Читать «Привала не будет» онлайн - страница 4
Василий Дмитриевич Соколов
Поднявшись на небольшую горку, они осмотрелись. Совсем недалеко, может быть километрах в пяти, горела деревня. Огромнее зарево красными языками бесновалось над домами, в небо вздымались черные клубы дыма. Пожар перекидывался с одного дома на другой.
— Оба — офицер и сержант — стояли, чувствуя, как от волнения спирает грудь.
— Фронт! Наши близко! — произнес Козюлин.
Утром они подходили к советским позициям.
4
Через несколько дней Кириллу Ивановичу Козюлину, еще по-настоящему не оправившемуся от ранения и перенесенной голодовки, разрешили побывать дома.
От прифронтовой полосы до Бутурлиновки ему удалось добраться на попутной машине, а отсюда до родного села Озерки было рукой подать. Козюлин пошел пешком. Еще при входе в село он увидел людей. Он прикоснулся к своему лицу и тут же полез в вещевой мешок за бритвенным зеркалом. Он ужаснулся, увидев в зеркале осунувшееся, старческое, — совсем не свое! — лицо, черную бороду и глаза смертельно уставшего человека, который от худобы был похож на живой скелет. «Захотел бороду сберечь… На память, вот, мол, глядите, как нам тяжело…» — зло подумал о себе Кирилл Иванович. Теперь он до того был огорчен собственной физиономией, что постеснялся показываться на глаза односельчанам и к родной избе пробрался огородами.
Кирилл вошел в избу, и у него тревожно забилось сердце: не узнают.
— Батюшки, да это Кирилл наш… Сыночек! — наконец выкрикнула мать и бросилась к сыну.
Отец, инвалид гражданской войны, пристально осмотрел сына, потом не спеша подошел к нему, подал мозолистую руку.
— Значит, сын… объявился.
Кирилл сел на длинную лавку у стола, куда его, бывало, в детстве подсаживала мать.

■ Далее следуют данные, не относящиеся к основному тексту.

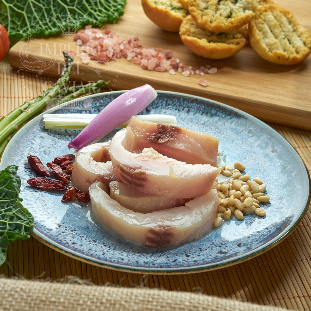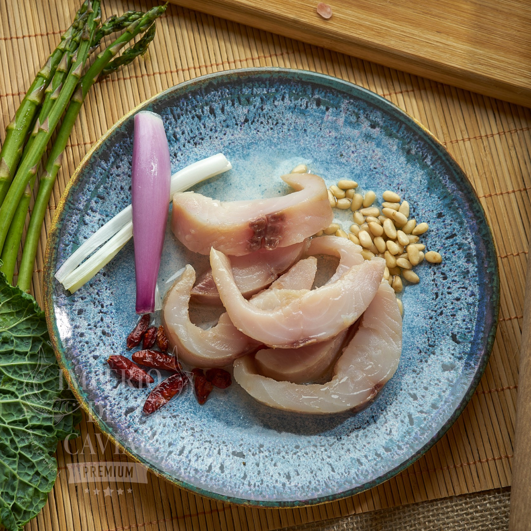 Это готовое блюдо, филе нарезанное красивыми кусочками по ширине 1-2 см, которое можно сразу подавать к столу. В составе только самые простые ингредиенты, такие как филе нельмы, минимум соли, масло.

— Ну рассказывай все по порядку… откуда явился в этаком оскудении и прочее такое. Докладай, одним словом, послухаем…
Кирилл начал подробно рассказывать о том, как он ехал в жестком товарном вагоне на фронт под частыми бомбежками, как сразу попал в пекло боя, потом заговорил о тяжелом пути отступления, об окружении и мытарствах во вражеском тылу…
Отец влез на печку и теперь молча, лишь изредка покрякивая, слушал. Когда Кирилл кончил говорить, он также молча слез с печи, надел старый кожух и вышел. Вернулся с бутылкой водки, велел жене принести из погреба соленых огурцов. Наполнил один стакан, подал Кириллу:
— Пей!
— За встречу чокнуться полагается. Наливай себе.
— Не хочу, — сухо произнес старик. — На душе тяжко — камень давит.
— Отчего ж, папаша?
— Страшно на войне-то было? — словно не расслышав вопроса, перебил Иван Степанович.
— По перворазу, пожалуй, и так. А потом ничего. Привык.
— Привык, — сердито повторил отец. — Отходить привык?
Кирилл покраснел:
— Случается…
В это время к столу продвинулся, сопя носом, шестилетний мальчуган, племянник Кирилла. Он разложил на столе фотокарточки, которые Кирилл присылал до войны из армии, и стал их перебирать.
— Это не он… Это не он, — глядя то на карточку, то на обросшее дядино лицо, повторял мальчик.